On July 21, in an article titled “Don’t Send Your Kid to the Ivy League,” William Deresiewicz wrote about the many problems he’s seen with the elite network of universities. He criticizes the Ivy League and other selective institutions for their failure to create campuses of socioeconomic diversity and for perpetuating the class system in the United States. Long story short: he basically thinks that these universities cause their students to become “out-of-touch, entitled little [sh*ts].”
As a graduate of Barnard College, a women’s college affiliated with Columbia University, I agree with a lot of the points and criticisms Deresiewicz mentions in his article. Although, I don’t agree that I became an “entitled little sh*t,” I can say that without my other experiences in life, I probably was on my way to becoming one.
I wouldn’t trade in the education I received at Barnard and Columbia for any other one in the world. It worked for me, and it really did challenge and help me by opening up my mind. I will be forever grateful for the education I earned and to the students and professors that helped me along the way. But, Deresiewicz is correct in his view that elite institutions have many students with “toxic levels of fear, anxiety and depression.” I know this because I was one of them.
The fall semester of my junior year was probably one of the most stressful, anxiety-ridden, isolating semesters of my college career. When I went into the semester with six classes, an internship, membership in a sorority and a position as a writer for an on-campus magazine, I was satisfied. Although I wasn’t volunteering on the weekends and also writing for the campus newspaper, I thought I still was living (somewhat) up to the standards of “Super People.”
What are “Super People”? According to Deresiewicz, “Super People” (a term created by writer James Atlas) are students that have “a double major, a sport, a musical instrument, a couple of foreign languages, service work in distant corners of the globe and a few hobbies thrown in for good measure." “Super People” have mastered everything, "with a serene self-assurance that leaves adults and peers alike in awe."
Even though I was living up to those standards and had the satisfaction of knowing that my schedule and ability to manage all that I did was impressive, I was miserable that semester. I would never sleep on Wednesday nights, so that I could work on assignments. I would come home from a full day of classes or interning (often without a break) and spend hours upon hours studying and working on assignments. I never got to spend a lot of time with my friends, and I was often isolated in my room because I wanted to maintain or raise my precious, beloved GPA. And part of the reason why I did it all: I felt so much pressure around me.
When you take a walk through Barnard and Columbia’s campus, you will probably overhear a conversation that sounds like a competition for who is the most stressed and who has the most work. It goes like this:
Person A: I’m so tired. I didn’t get any sleep last night because I was working on my 20-page paper.
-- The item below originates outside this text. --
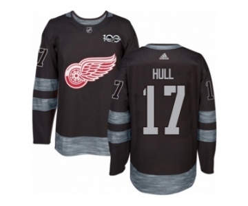 Men's Adidas Detroit Red Wings #17 Brett Hull Authentic Black 1917-2017 100th Anniversary NHL Jersey
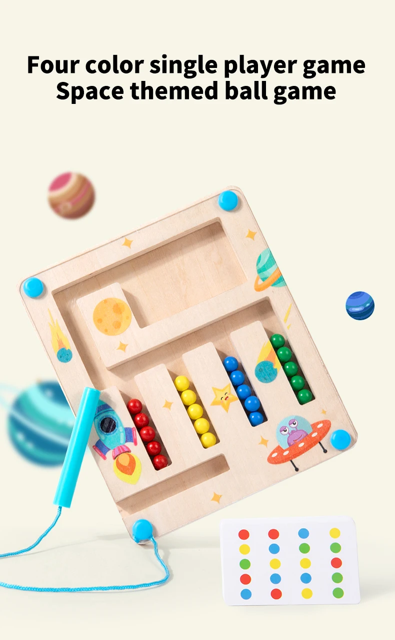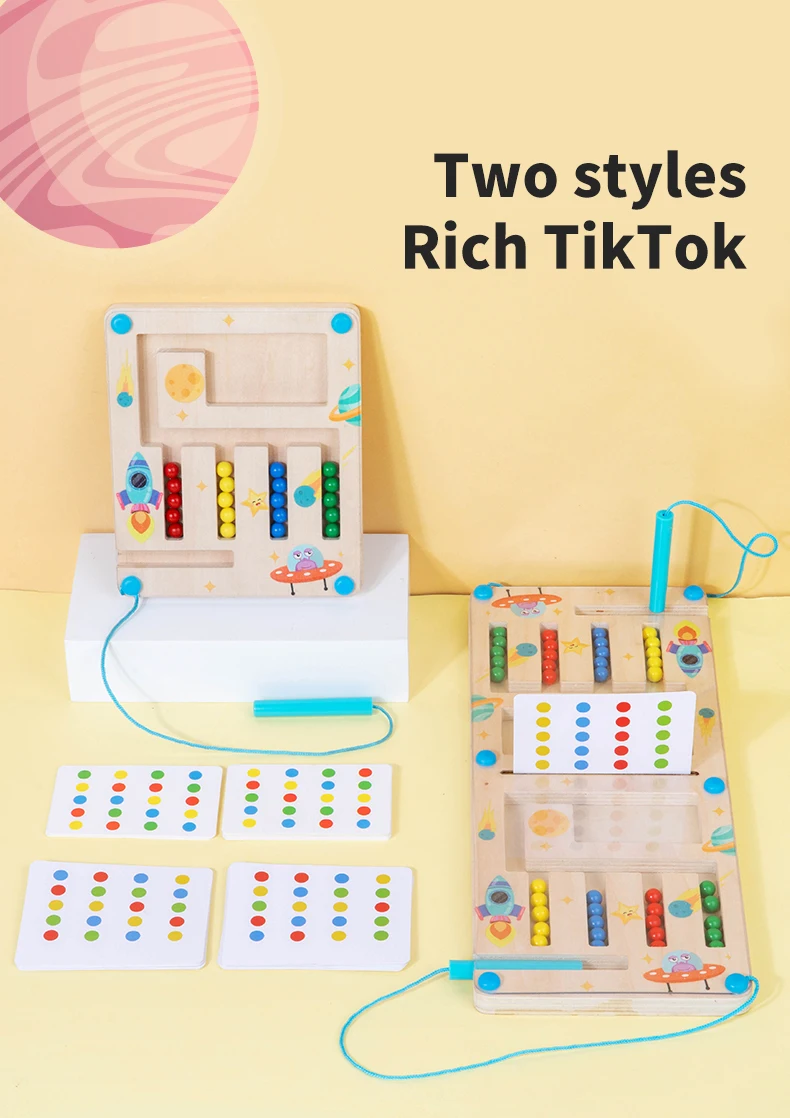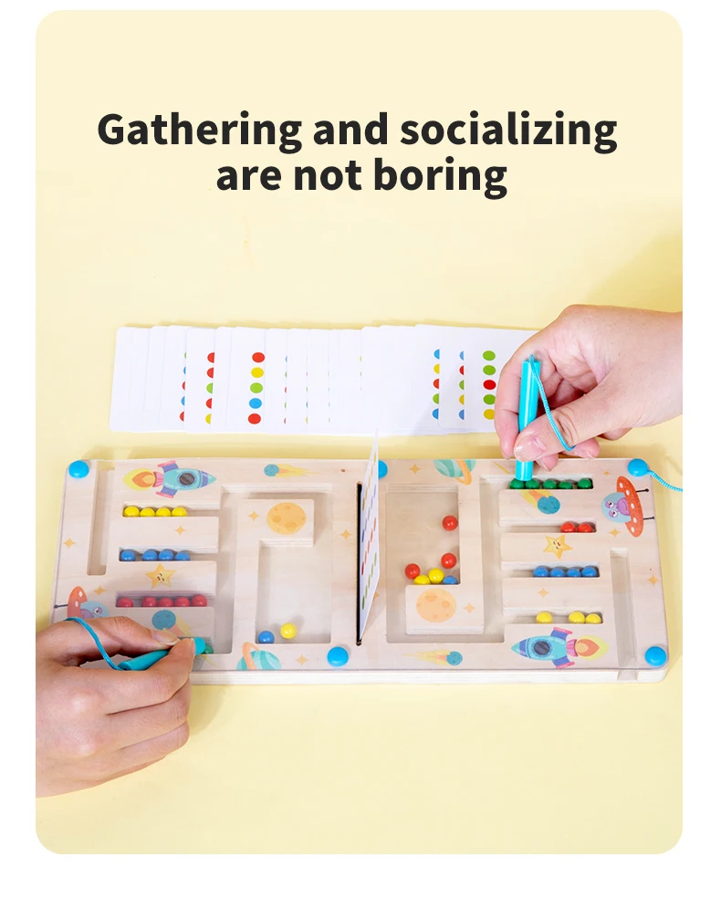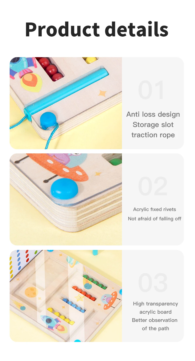 Tábua de batalha magnética de madeira:Este brinquedo de batalha Montessori labirinto magnético usa uma haste magnética anexada para deslizar sobre uma superfície acrílica, completando jogos de combinação de formas e cores.

Person B: I know what you mean. I actually haven’t slept for two days because I had to turn in my first draft for my thesis. It was 40 pages.
Person A: Wow. I probably won’t sleep tonight again because I have two presentations in two days, but I’m interning all day tomorrow.
The pressure to be on top, or the definition of “Super People,” is so high at elite institutions such as Columbia. Although there was no authority figure pointing his or her finger at me, telling me to do it all and know it all, going to school with thousands of intelligent students who were interning, working an on-campus job, taking six classes and attending four club meetings a week was pressure enough. You feel like you’re not good enough, because you don’t have an internship for the semester. Or, you feel like you’re inadequate because you’re taking five classes instead of six. And when I didn’t fit that criteria some semesters, I often felt embarrassed and just wanted to avoid talking to certain peers. On top of that, there were times when I felt overwhelming waves of anxiety about not having accomplished something notable: I haven’t published a book; I never interned at a government office, and I’ve never been invited to MSNBC to give my perspective on education.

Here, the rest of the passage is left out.